Source data
──────

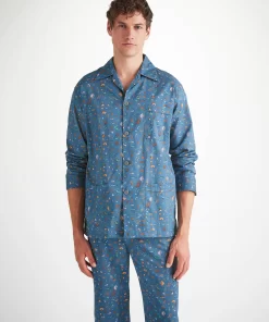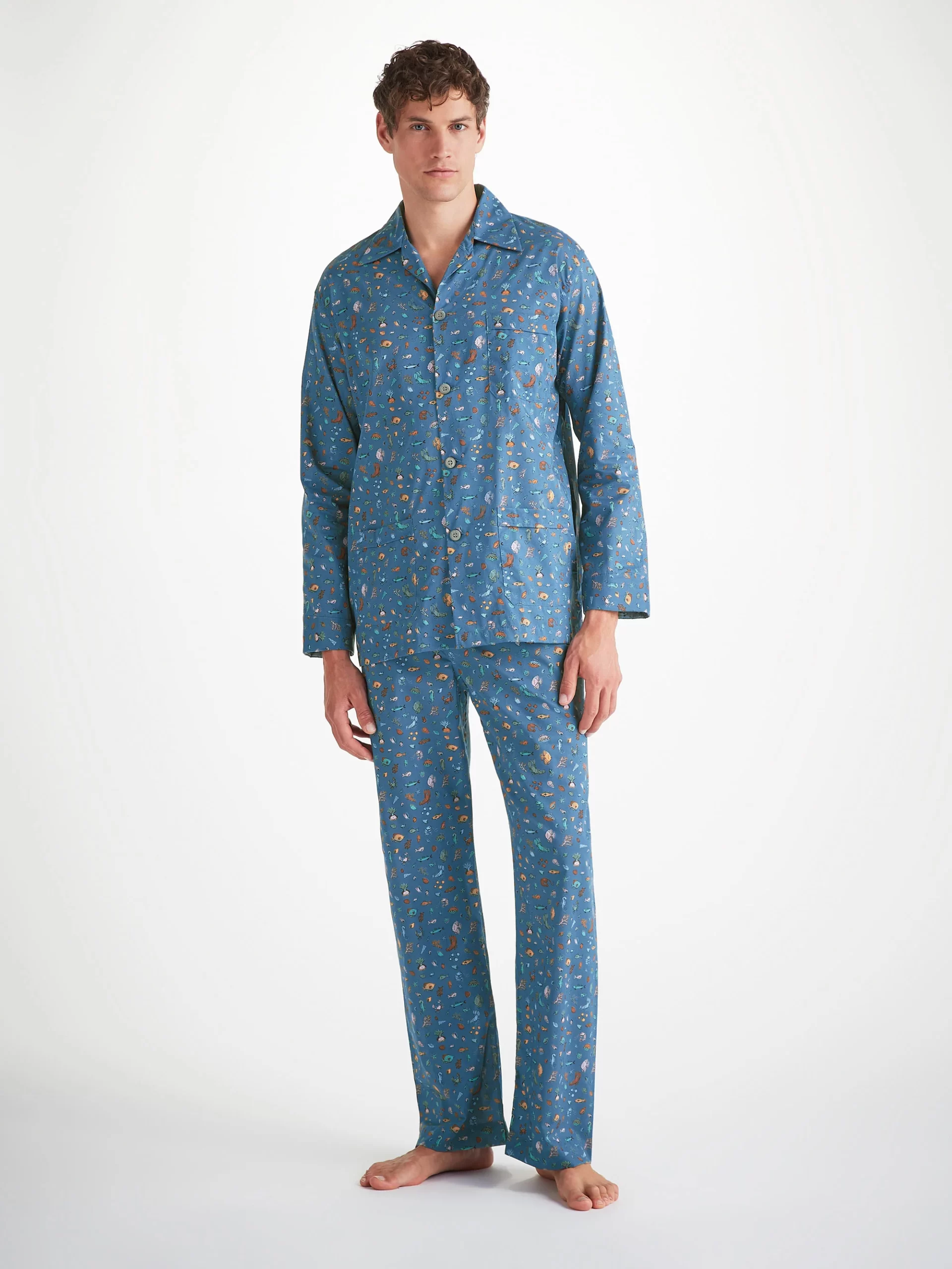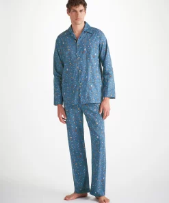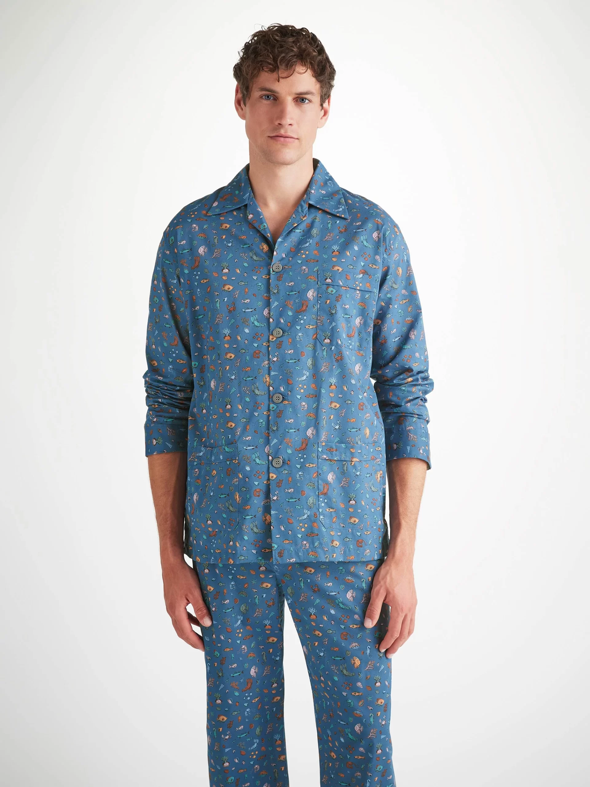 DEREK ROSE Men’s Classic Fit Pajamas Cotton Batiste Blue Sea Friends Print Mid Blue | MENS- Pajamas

──────

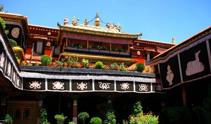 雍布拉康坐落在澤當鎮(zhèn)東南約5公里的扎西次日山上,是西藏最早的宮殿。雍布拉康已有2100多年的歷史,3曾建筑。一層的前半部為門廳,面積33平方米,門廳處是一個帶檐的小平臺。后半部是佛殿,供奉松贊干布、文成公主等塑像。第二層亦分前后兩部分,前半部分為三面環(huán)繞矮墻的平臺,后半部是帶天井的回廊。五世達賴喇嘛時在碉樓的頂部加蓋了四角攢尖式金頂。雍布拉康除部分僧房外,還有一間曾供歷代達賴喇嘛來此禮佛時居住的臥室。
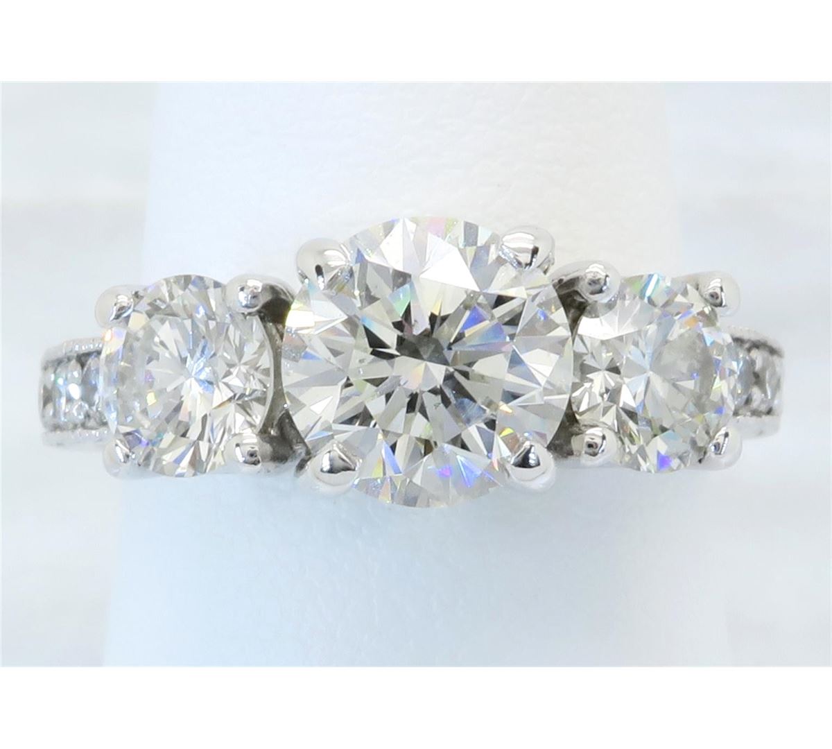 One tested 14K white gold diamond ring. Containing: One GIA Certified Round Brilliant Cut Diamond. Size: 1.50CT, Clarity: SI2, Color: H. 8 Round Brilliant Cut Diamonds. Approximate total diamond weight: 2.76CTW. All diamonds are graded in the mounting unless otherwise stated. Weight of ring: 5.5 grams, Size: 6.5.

──────

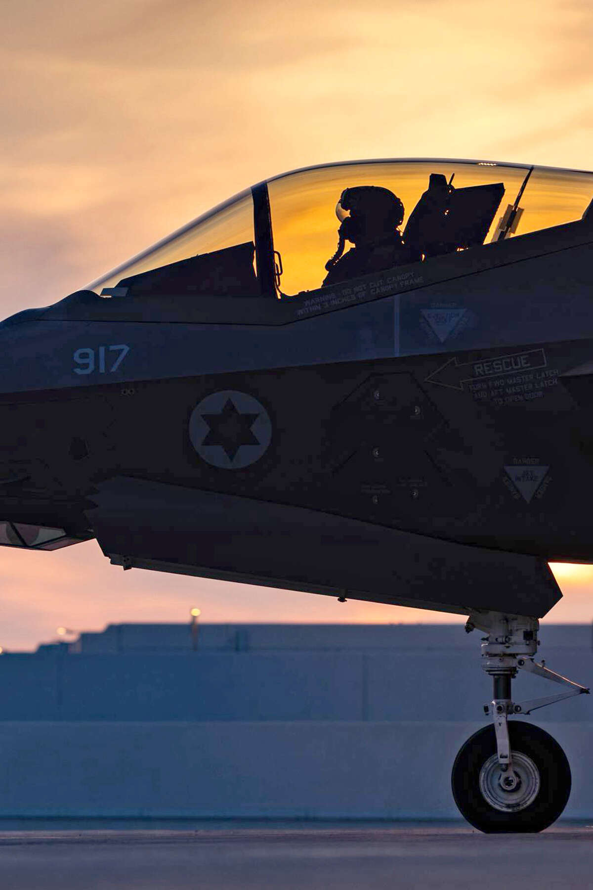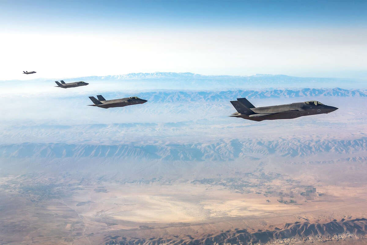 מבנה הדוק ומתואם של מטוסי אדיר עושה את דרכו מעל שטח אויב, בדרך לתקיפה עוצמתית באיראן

──────

What is expected
What are the lines above from the one with "雍布拉康坐落在澤當鎮(zhè" to the one with "One tested 14K", both included? Reproduce them exactly, without pictures.

Task output
 雍布拉康坐落在澤當鎮(zhèn)東南約5公里的扎西次日山上,是西藏最早的宮殿。雍布拉康已有2100多年的歷史,3曾建筑。一層的前半部為門廳,面積33平方米,門廳處是一個帶檐的小平臺。后半部是佛殿,供奉松贊干布、文成公主等塑像。第二層亦分前后兩部分,前半部分為三面環(huán)繞矮墻的平臺,后半部是帶天井的回廊。五世達賴喇嘛時在碉樓的頂部加蓋了四角攢尖式金頂。雍布拉康除部分僧房外,還有一間曾供歷代達賴喇嘛來此禮佛時居住的臥室。
 One tested 14K white gold diamond ring. Containing: One GIA Certified Round Brilliant Cut Diamond. Size: 1.50CT, Clarity: SI2, Color: H. 8 Round Brilliant Cut Diamonds. Approximate total diamond weight: 2.76CTW. All diamonds are graded in the mounting unless otherwise stated. Weight of ring: 5.5 grams, Size: 6.5.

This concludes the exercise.